### YOUR INSTRUCTIONS
No picture belongs in the copy. Repeat each line below exactly.

### DATA BELOW
※ ※ ※
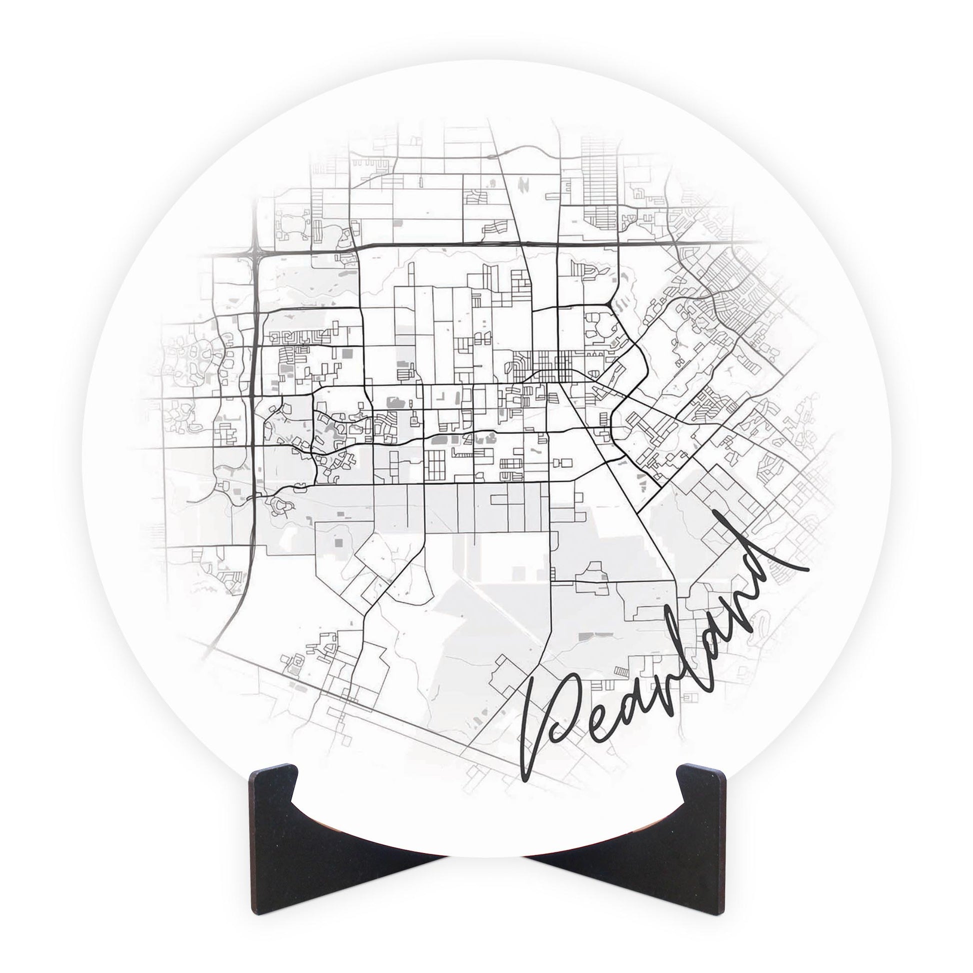 Minimalistic B&W Texas Pearland City Circle Map | Wood Sign | Eaches | Min 1
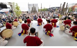 지난 22일, 일본 오사카에서 진행 중인 ‘2025 오사카엑스포’ 야외 팝업스테이지에서 크라운해태제과 임직원들이 ‘사물놀이 삼도농악가락’을 공연하고 있다. 사진 크라운해태제과 전 세계 158개국이 참여하는 ‘일본 오사카·간사이 만국박람회(2025 오사카 엑스포)'…
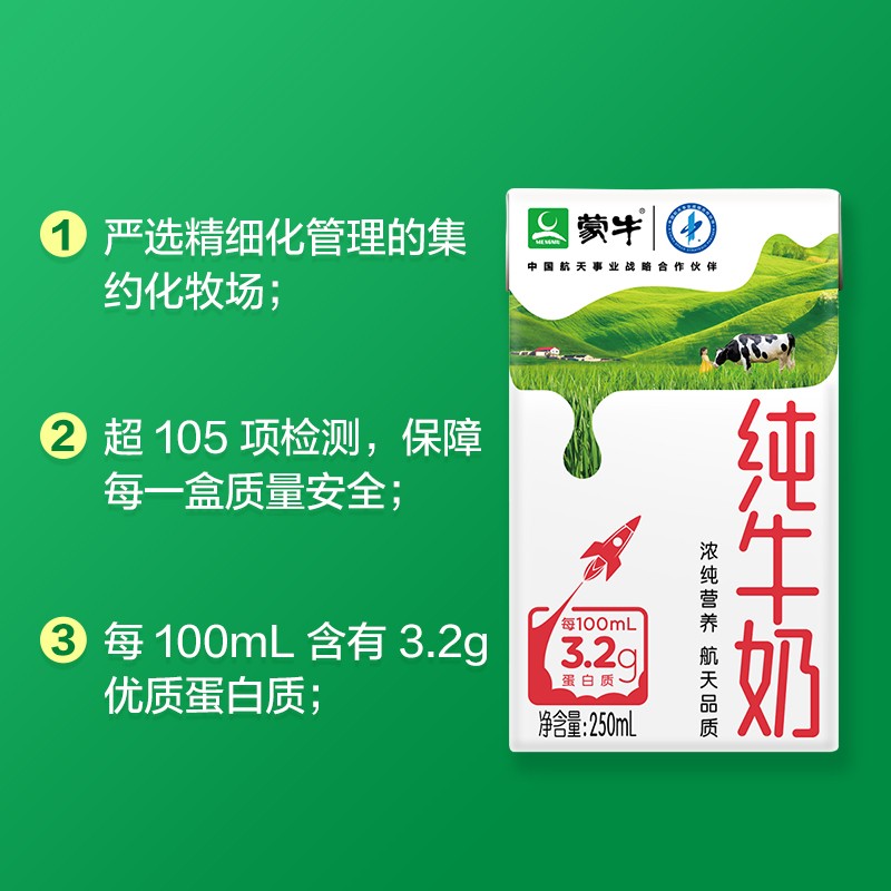 严选精细化管理的集约化牧场,3.2g优质蛋白质,经先进工艺脱气的无“膻”味牛奶。
※ ※ ※
### ANSWER FOR THE TASK
 Minimalistic B&W Texas Pearland City Circle Map | Wood Sign | Eaches | Min 1
 지난 22일, 일본 오사카에서 진행 중인 ‘2025 오사카엑스포’ 야외 팝업스테이지에서 크라운해태제과 임직원들이 ‘사물놀이 삼도농악가락’을 공연하고 있다. 사진 크라운해태제과 전 세계 158개국이 참여하는 ‘일본 오사카·간사이 만국박람회(2025 오사카 엑스포)'…
 严选精细化管理的集约化牧场,3.2g优质蛋白质,经先进工艺脱气的无“膻”味牛奶。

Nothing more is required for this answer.